Everything below from the line with "This supplement assessment" through the line with "圖6—4—6表示了二元平板繞" must be retyped exactly, except the pictures.

# Recorded data
──────────────────────────────
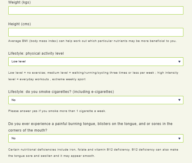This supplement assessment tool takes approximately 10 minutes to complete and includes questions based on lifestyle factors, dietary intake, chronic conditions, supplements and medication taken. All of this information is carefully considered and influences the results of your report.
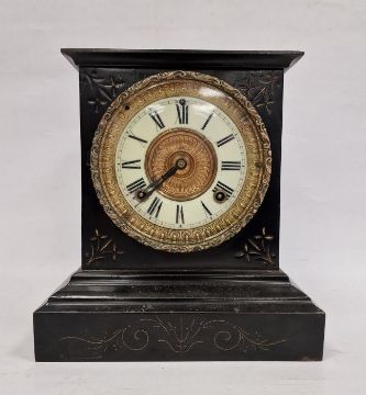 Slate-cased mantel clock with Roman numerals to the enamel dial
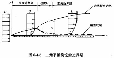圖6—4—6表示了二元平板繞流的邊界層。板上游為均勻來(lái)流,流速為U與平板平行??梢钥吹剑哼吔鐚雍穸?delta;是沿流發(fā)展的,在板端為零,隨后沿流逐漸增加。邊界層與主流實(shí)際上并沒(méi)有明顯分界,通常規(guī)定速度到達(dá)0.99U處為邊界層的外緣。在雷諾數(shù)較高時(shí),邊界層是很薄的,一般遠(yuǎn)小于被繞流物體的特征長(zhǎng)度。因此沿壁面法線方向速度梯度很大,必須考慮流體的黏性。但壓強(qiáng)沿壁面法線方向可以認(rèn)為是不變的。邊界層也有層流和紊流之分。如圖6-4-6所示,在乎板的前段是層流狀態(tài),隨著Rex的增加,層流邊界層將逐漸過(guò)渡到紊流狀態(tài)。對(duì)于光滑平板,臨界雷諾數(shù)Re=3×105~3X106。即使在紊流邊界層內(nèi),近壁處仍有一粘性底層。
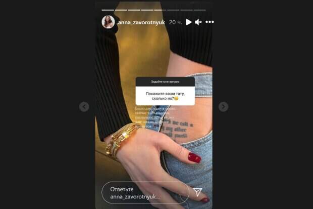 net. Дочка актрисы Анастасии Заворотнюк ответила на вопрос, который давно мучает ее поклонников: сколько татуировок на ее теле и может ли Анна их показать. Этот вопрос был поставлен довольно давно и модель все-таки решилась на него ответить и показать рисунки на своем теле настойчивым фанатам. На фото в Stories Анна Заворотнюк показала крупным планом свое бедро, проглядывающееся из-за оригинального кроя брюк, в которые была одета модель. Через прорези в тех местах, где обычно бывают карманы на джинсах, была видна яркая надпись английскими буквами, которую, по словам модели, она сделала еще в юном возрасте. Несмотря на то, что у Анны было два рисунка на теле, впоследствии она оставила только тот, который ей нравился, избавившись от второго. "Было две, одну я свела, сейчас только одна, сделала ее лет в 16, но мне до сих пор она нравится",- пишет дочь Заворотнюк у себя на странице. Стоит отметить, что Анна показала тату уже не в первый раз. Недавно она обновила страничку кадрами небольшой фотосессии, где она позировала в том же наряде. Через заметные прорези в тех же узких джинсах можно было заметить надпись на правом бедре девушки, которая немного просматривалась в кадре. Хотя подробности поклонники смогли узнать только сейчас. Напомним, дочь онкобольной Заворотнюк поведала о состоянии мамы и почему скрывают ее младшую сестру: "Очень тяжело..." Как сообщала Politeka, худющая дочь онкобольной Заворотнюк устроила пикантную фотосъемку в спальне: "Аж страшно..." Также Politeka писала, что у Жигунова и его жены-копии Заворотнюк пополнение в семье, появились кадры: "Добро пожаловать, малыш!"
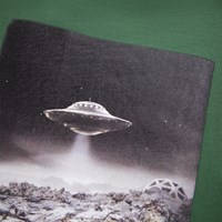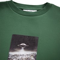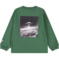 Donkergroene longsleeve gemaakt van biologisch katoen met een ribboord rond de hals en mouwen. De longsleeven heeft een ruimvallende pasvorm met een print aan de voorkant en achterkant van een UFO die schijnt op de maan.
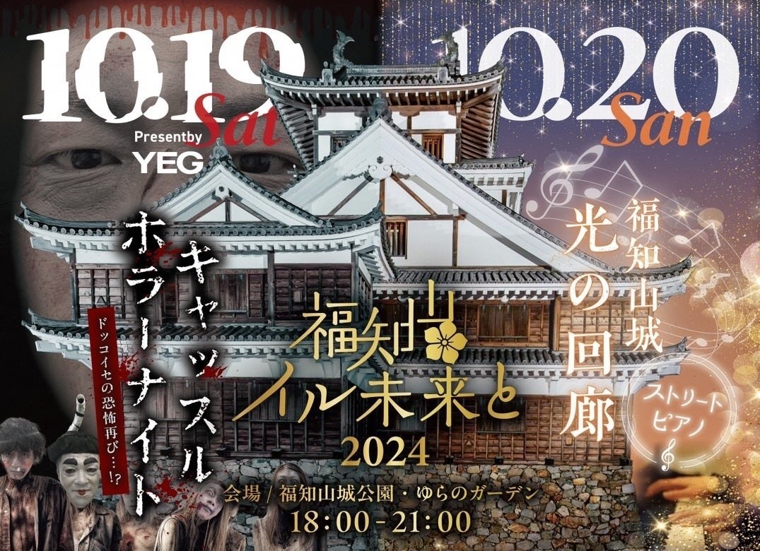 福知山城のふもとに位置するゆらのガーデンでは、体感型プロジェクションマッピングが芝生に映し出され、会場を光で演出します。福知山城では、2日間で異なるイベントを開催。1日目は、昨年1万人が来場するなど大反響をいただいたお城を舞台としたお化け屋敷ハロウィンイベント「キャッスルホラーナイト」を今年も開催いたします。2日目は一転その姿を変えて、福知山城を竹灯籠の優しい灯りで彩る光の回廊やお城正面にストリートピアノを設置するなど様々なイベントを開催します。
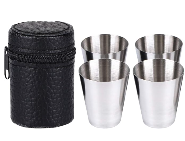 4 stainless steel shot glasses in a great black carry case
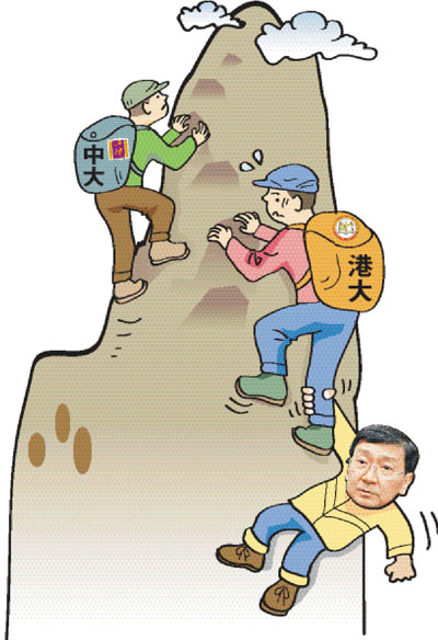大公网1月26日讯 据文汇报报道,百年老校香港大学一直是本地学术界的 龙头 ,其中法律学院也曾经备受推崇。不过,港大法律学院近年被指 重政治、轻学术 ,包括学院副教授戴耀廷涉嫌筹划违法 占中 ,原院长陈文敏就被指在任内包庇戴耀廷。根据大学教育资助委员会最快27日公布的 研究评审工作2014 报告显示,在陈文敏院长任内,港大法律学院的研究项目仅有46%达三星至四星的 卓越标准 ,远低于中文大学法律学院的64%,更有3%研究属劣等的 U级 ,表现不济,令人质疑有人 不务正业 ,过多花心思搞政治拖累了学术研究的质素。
──────────────────────────────
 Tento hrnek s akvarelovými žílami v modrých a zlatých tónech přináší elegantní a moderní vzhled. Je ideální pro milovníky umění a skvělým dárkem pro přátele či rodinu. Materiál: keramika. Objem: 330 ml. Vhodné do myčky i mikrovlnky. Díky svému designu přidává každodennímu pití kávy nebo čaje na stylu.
──────────────────────────────
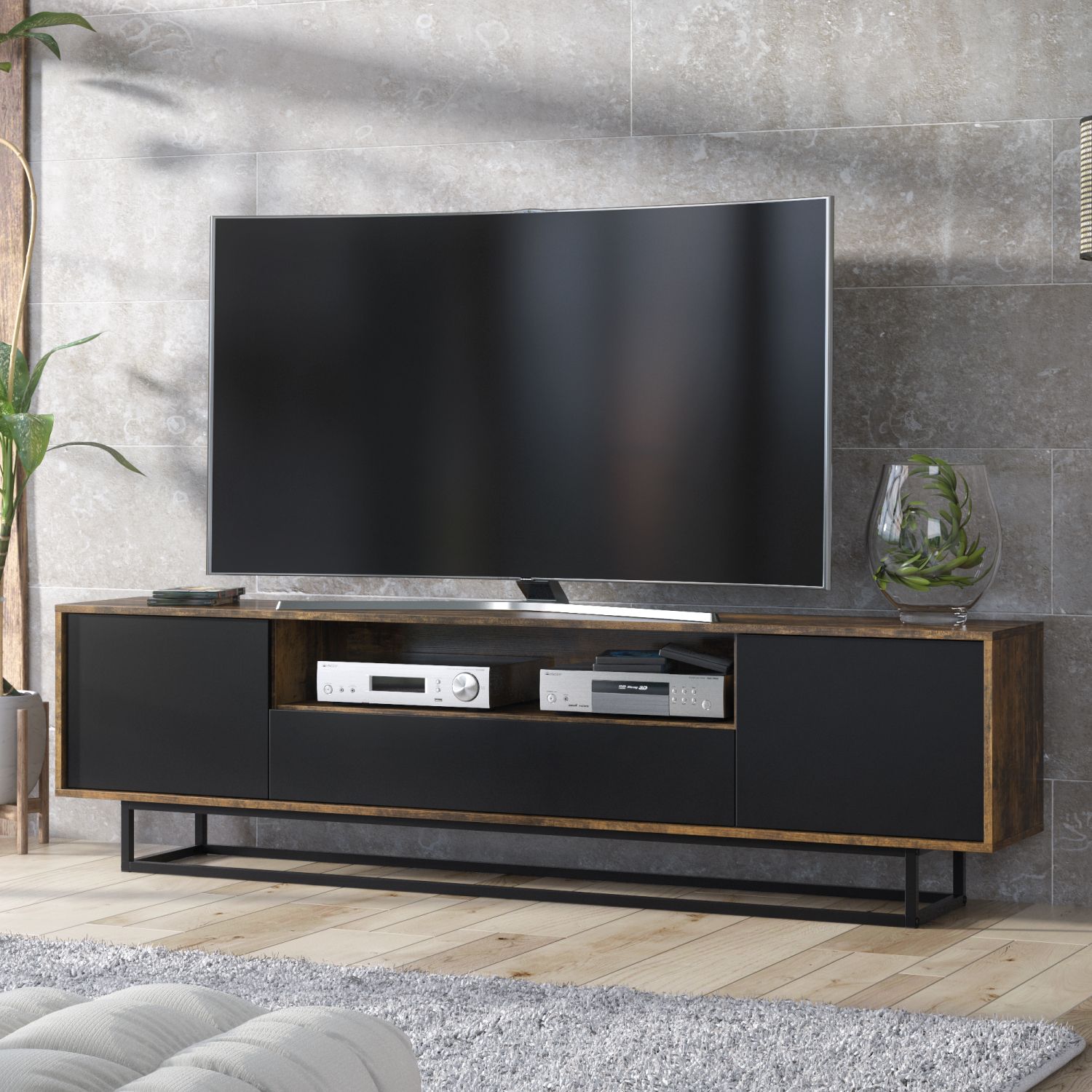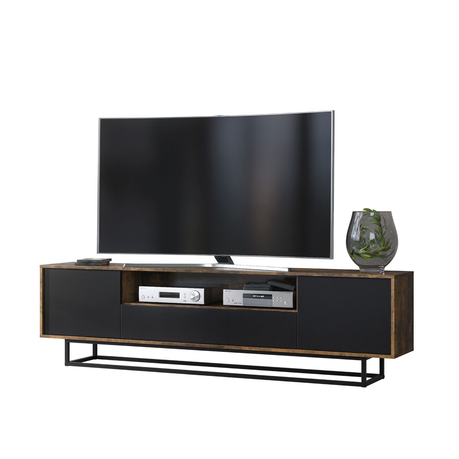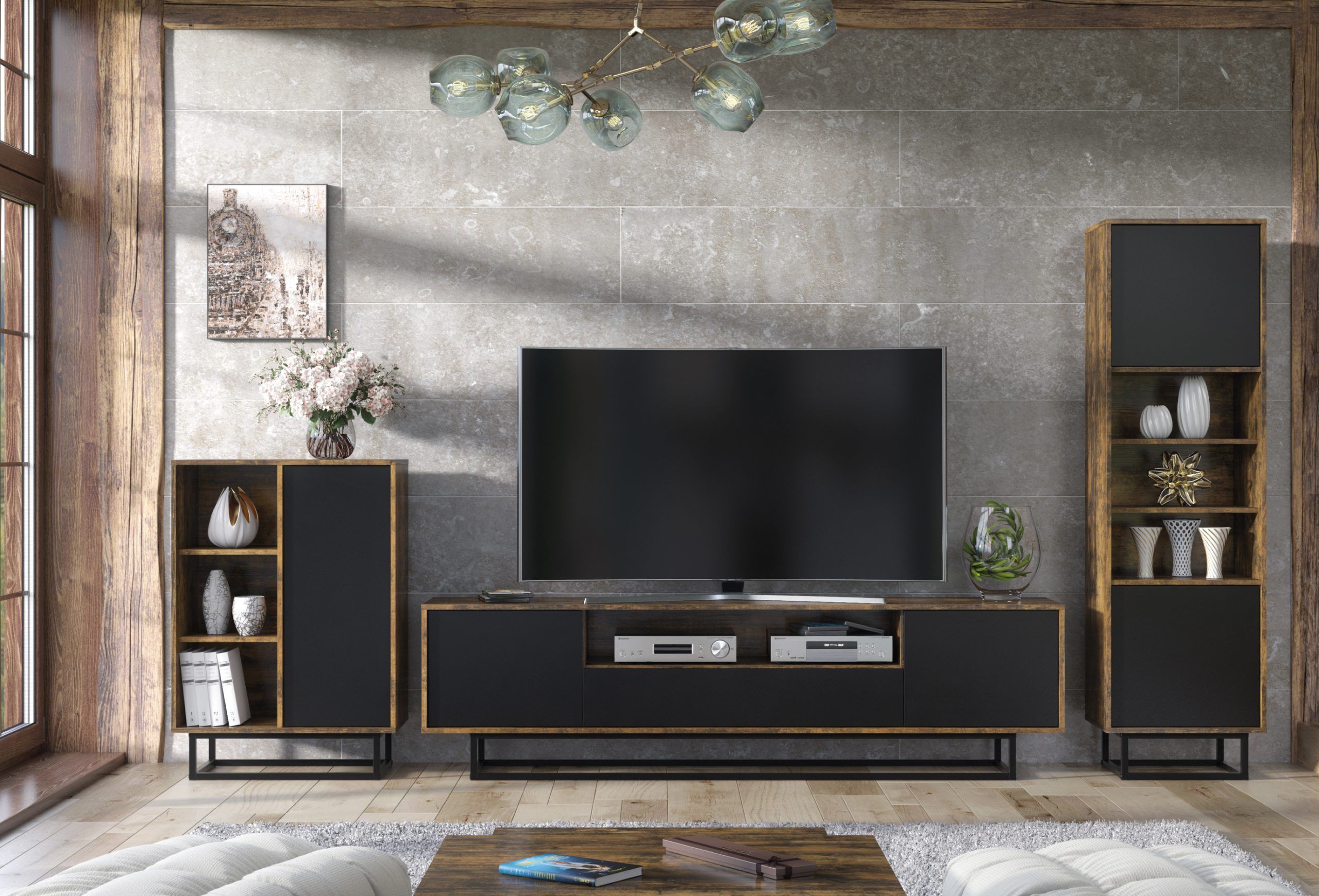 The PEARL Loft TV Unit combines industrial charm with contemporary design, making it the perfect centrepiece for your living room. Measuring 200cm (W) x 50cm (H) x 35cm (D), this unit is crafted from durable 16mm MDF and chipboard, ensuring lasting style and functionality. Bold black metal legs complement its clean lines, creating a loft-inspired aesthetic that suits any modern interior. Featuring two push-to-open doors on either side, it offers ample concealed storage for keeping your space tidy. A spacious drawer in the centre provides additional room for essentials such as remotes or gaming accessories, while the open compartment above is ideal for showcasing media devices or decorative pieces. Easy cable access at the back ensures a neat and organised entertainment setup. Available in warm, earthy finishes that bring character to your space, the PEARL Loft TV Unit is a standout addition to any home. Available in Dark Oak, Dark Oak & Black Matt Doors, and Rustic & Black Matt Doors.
──────────────────────────────
# Output
This supplement assessment tool takes approximately 10 minutes to complete and includes questions based on lifestyle factors, dietary intake, chronic conditions, supplements and medication taken. All of this information is carefully considered and influences the results of your report.
 Slate-cased mantel clock with Roman numerals to the enamel dial
圖6—4—6表示了二元平板繞流的邊界層。板上游為均勻來(lái)流,流速為U與平板平行??梢钥吹剑哼吔鐚雍穸?delta;是沿流發(fā)展的,在板端為零,隨后沿流逐漸增加。邊界層與主流實(shí)際上并沒(méi)有明顯分界,通常規(guī)定速度到達(dá)0.99U處為邊界層的外緣。在雷諾數(shù)較高時(shí),邊界層是很薄的,一般遠(yuǎn)小于被繞流物體的特征長(zhǎng)度。因此沿壁面法線方向速度梯度很大,必須考慮流體的黏性。但壓強(qiáng)沿壁面法線方向可以認(rèn)為是不變的。邊界層也有層流和紊流之分。如圖6-4-6所示,在乎板的前段是層流狀態(tài),隨著Rex的增加,層流邊界層將逐漸過(guò)渡到紊流狀態(tài)。對(duì)于光滑平板,臨界雷諾數(shù)Re=3×105~3X106。即使在紊流邊界層內(nèi),近壁處仍有一粘性底層。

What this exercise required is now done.